Bottom line, every single soul in the world should have at least 10% of his or her investable assets in gold and silver. Folks with a lower risk tolerance who mainly want to protect their purchasing power should swing heavily in favor of gold. Those who want to take on more risk may want to weight more exposure in silver and mining stocks.

Personally, mining stocks are so cheap I have been putting new money 2-to-1 into the stocks over physical bullion. I also own more silver than gold, which as the poor man's gold will kick in big time toward the end of the cycle because the common man may not be able to afford an ounce of gold at $2,500–$3,000/oz.

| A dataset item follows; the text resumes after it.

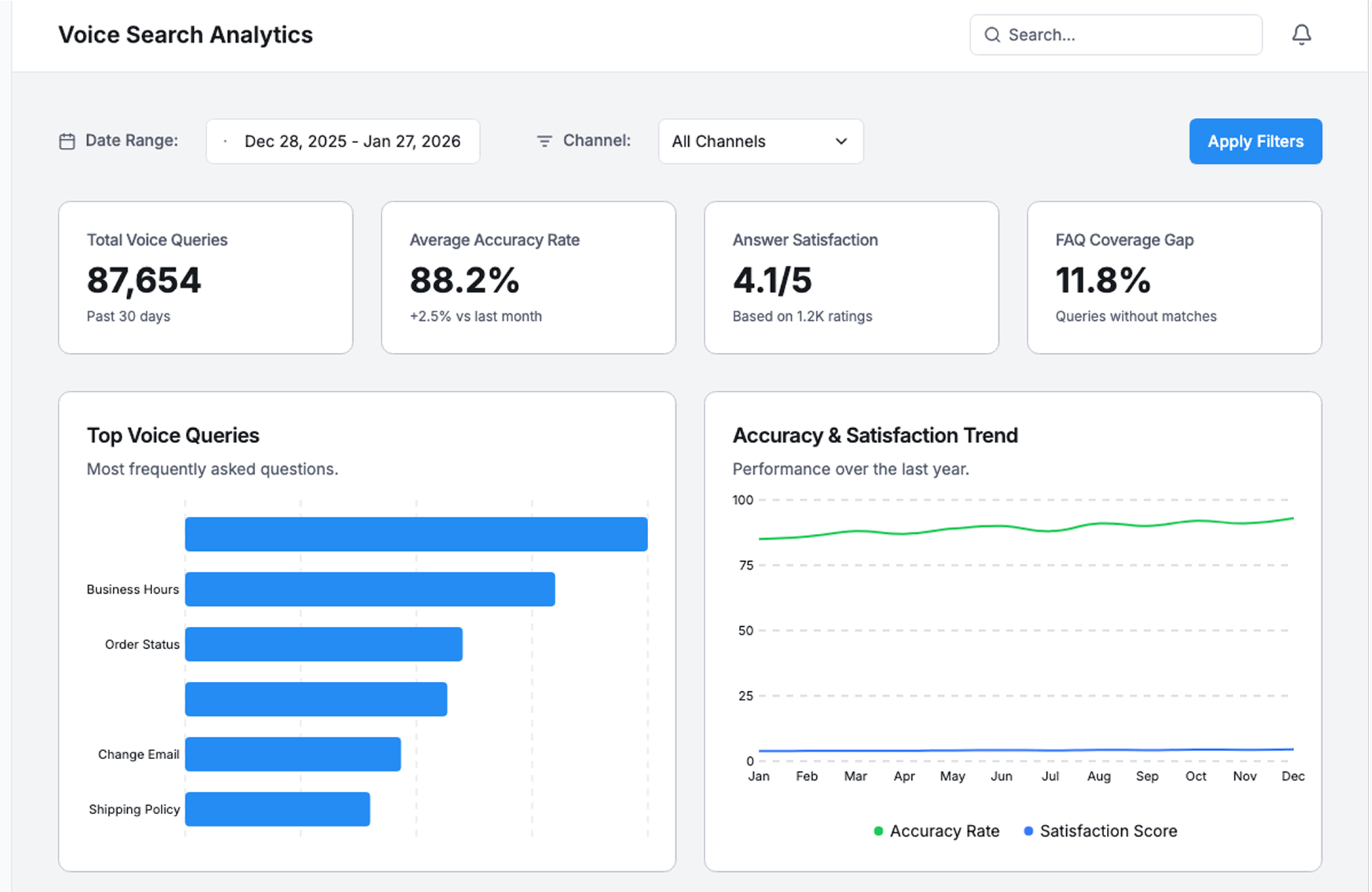 The Voice Search FAQ Bot is a ready-to-use assistant that listens to spoken questions, understands intent, and retrieves the most relevant FAQ answer. It works hands-free and can respond via voice or text, making support more intuitive and accessible.

I have long-term price targets of $3,200/oz gold and $150/oz silver. The rationale is quite simple: If you take the percentage move that gold had in the 1970s ($35/oz low to $850/oz high) and cut it in half, you get $3,200/oz gold. A typical 16-to-1 ratio on silver at that price is $187.50/oz, which I cut down to $150/oz to leave room for error. Gold and silver may indeed go much higher but these are the price targets I am banking on and will not consider selling any physical metals until they hit these price targets. You can argue all day that the environment today should propel a much more severe percentage gain from the 1970s but I feel the analogy above is reasonable.

The important thing is to know how secular bull/bear markets work—this thing is not over yet. Bull market frenzies don't end with virtually nobody yet owning the asset. Even in 2011, how many of your friends and relatives had 10–20% of their assets in gold? Maybe 1 out of 100 even in my circles, but that ratio will be much higher in the blow-off stage when the public comes in en masse. In contrast, a market bottom typically sees vast investor hatred, frustration, disgust, aversion, avoidance and indifference. Does this sound like the recent sentiment of your favorite gold stock?